PAWHUSKA, OKLAHOMA — There are things Kathryn Red Corn can still remember and things she can still touch.
They both come together within the walls of the Osage Tribal Museum.
As she walks with a visitor looking at hundreds of old photographs, the visitor asks her, “Do you know these people?”
“I knew some of them,” she answers. “I never knew my grandparents but they’re in here.”
Red Corn can recall coming to the museum as a young girl and looking at a unique stamp collection put together by a member of the tribe.
She remembers an old, stuffed bison head as being a little scary, but she also recalled its original location which is why, as director, she had it restored and put back where it belonged.

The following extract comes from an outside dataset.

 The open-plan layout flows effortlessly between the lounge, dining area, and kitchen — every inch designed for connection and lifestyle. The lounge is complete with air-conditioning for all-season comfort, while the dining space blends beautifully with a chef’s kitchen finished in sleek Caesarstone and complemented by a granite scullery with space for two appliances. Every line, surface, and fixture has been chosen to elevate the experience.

“It’s been getting cleaned up all this time,” she says.
Kathryn is the current keeper of thousands of artifacts from Osage tribal past, everyday tools and ceremonial clothing combined.
Also here, thousands of photographs which bridge the gap from buffalo hunting past to oil boom future.

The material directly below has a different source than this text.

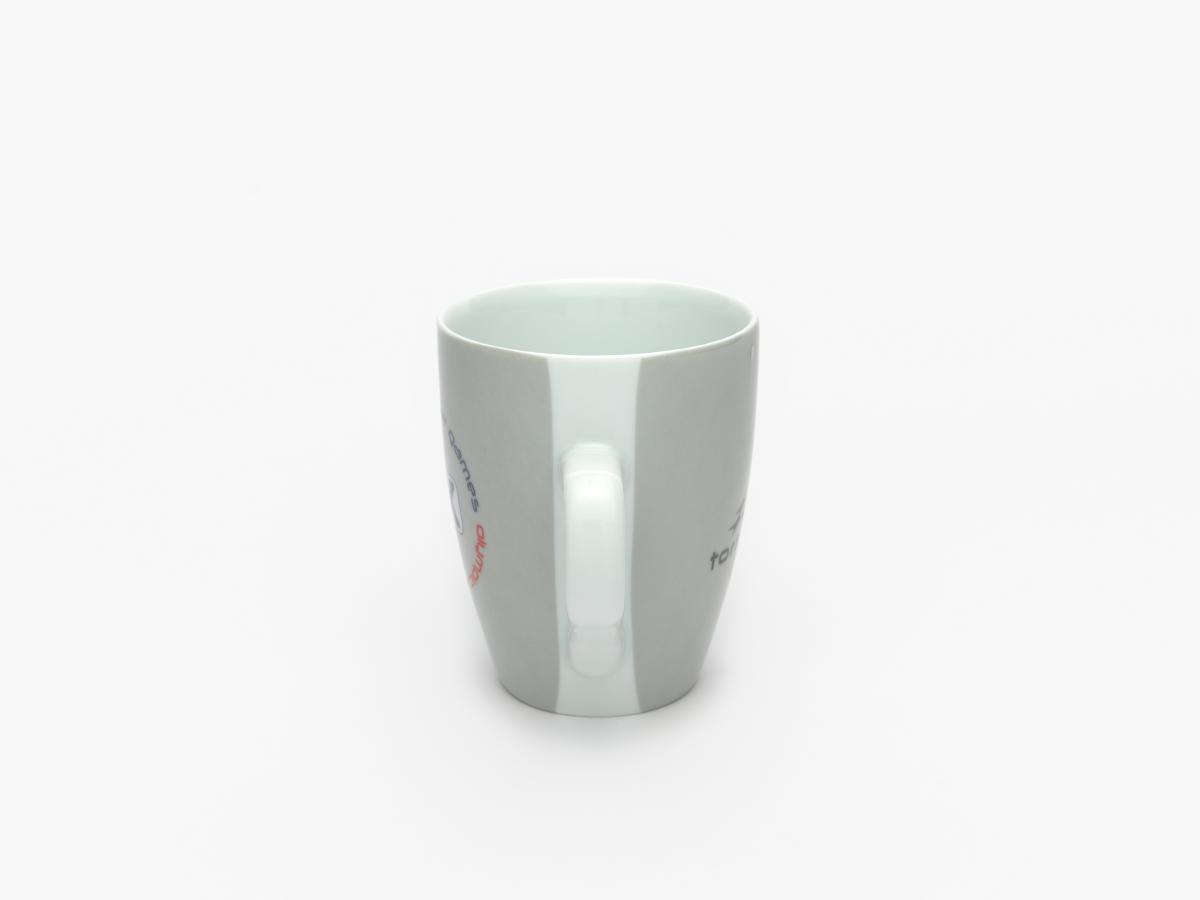 Tasse en porcelaine grise avec le motif XX et la légende: "olympic winter games ; olympic winter games". La tasse se trouve dans une boîte ronde en métal avec l'emblème des Jeux. Au dessous, étiquette hologramme pour lutter contre la contre-façon.

Of the more than two thousand original head right holders in 1906, the museum’s growing collection of photographs includes most of them, who lived through the tumult of the area’s rapid growth through the 1920’s.
Red Corn points to an old photograph showing two men sitting together. “These are two brothers right here,” she describes. “And it shows you the difference in the way they’re dressed.”
On a windy May 2nd, 1938 the tribe organized a big parade and picnic on the grounds of the old school and chapel.
They dedicated the first tribal museum that day.
75 years later it’s the oldest tribally owned museum in the United States.
“Different families gave to the museum over the years,” she explains.
They rang the bell to open the museum that first day.
Workers were on hand to make sure the bell would be ready to ring again, to celebrate a history like no other Native American tribe’s, and the house that’s kept it safe for the past three quarters of a century.
The Osage Tribe held another parade and picnic May 4, 2013 to celebrate the museum’s birthday.